Nevertheless, there is much to admire. Most of those with intellectual disability, epilepsy, or autism have lives that are much less constrained by isolation and segregation than they used to be. Many of those with attention deficit hyperactivity disorder (ADHD) are treated with compassion rather than coercion. Guideline developments have encouraged the use of interventions with evidence for value. The lessons of multiple morbidity are familiar to many, especially those working in the fields of intellectual disability.
At several points in my professional life, I have wished for a book such as this. When moving into a new sphere of clinical work, I have looked for unified accounts of the psychiatric, psychological, neurological, medical, social, and educational issues guiding clinical understanding. When starting on a new line of research enquiry, I have sought accounts that would give an appreciation of reliable knowledge together with acknowledgement of what is not yet securely known. I have therefore tried to provide introductory information about the neuropsychiatric conditions themselves, the neurological and genetic influences that can impact psychiatric presentations, and the social and personal contexts in which they unfold.

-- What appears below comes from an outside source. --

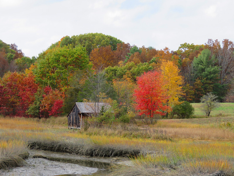 Meanwhile, fall is a tad delayed in New England, but it’s getting here. Columbus Day is traditional leaf-peeping time, and supposedly it’s arrived in the far north, so here’s a photo I took in years past:

It is not, however, the book I would have written back then. Modern understanding recognizes that these neurodevelopmental disorders are complex, variable, dimensional, overlapping, and frequently coexistent. I have tried to do justice to this. The book includes short accounts of the typical development and pathology of some key functions whose alterations can underlie some forms of psychopathology. These altered functions, however, do not crystallize into currently demarcated diagnostic entities, but can be influenced by a variety of brain changes and can characterize several types of behavioural and emotional upset.